Depends on my mood of course.

The only things we can’t order are 20pcs nuggets and 10pcs tenders. Everything else is fair game.


#202

ok

seen them new tenders
have u tried them yet


#203

They’re ok. Better with the BBQ glaze, but the glazed tenders promotion ends in November.


#204

ok

and did u try that BK philly cheese steak


#205

Not yet. Was totally broke until Tuesday, and I kinda stayed in yesterday, and today…
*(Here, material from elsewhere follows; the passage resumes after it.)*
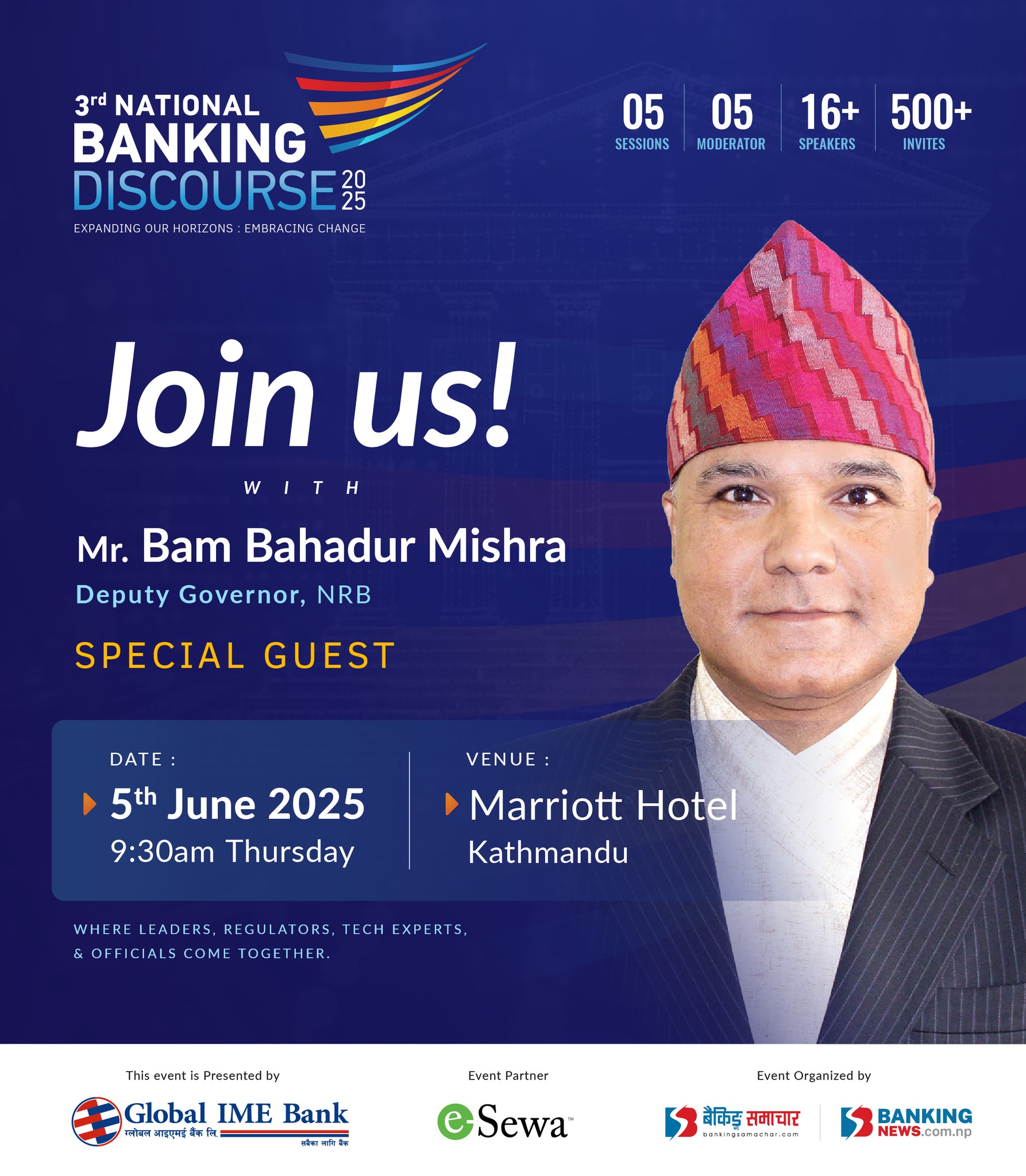 काठमाडौं – तेस्रो बैंकिङ्ग डिस्कोर्श २०२५ को विशेष सत्रमा नेपाल राष्ट्र बैंकका डेपुटी गभर्नर बम बहादुर मिश्र सहभागी हुने भएका छन् । बैंकिङ्ग समाचार डटकमको आयोजनामा आगामी जेठ २२ गते हुने तेस्रो बैंकिङ्ग डिस्कोर्शकाे विशेष सत्रमा मिश्र सहभागी हुने भएका हुन् । पाँचथर जन्मथलो भएका मिश्रले अमृत साइन्स क्याम्पसबाट फिजिक्स पढेका छन् । मिश्रले केही…

Then I have to be at work in about an hour and a half.


#206

ok

havent tried it yet either

aright then see u later


#207

Cause you asked @Kyouta, here’s what I made tonight at work:

It’s the Mcds version of the nightmare King :wink:


#208

nice that looks even better
that green throws the other one off

good eatin


#209

These have been sitting in my fridge for about a week now. I think that’s enough prep time.


Homemade pickled eggs!

You start with the brine from pickled sausages (Mine were Big John’s Red Hots brand, but you could make those homemade as well. Probably will in the future.), then add garlic, red pepper, red food coloring, and distilled vinegar.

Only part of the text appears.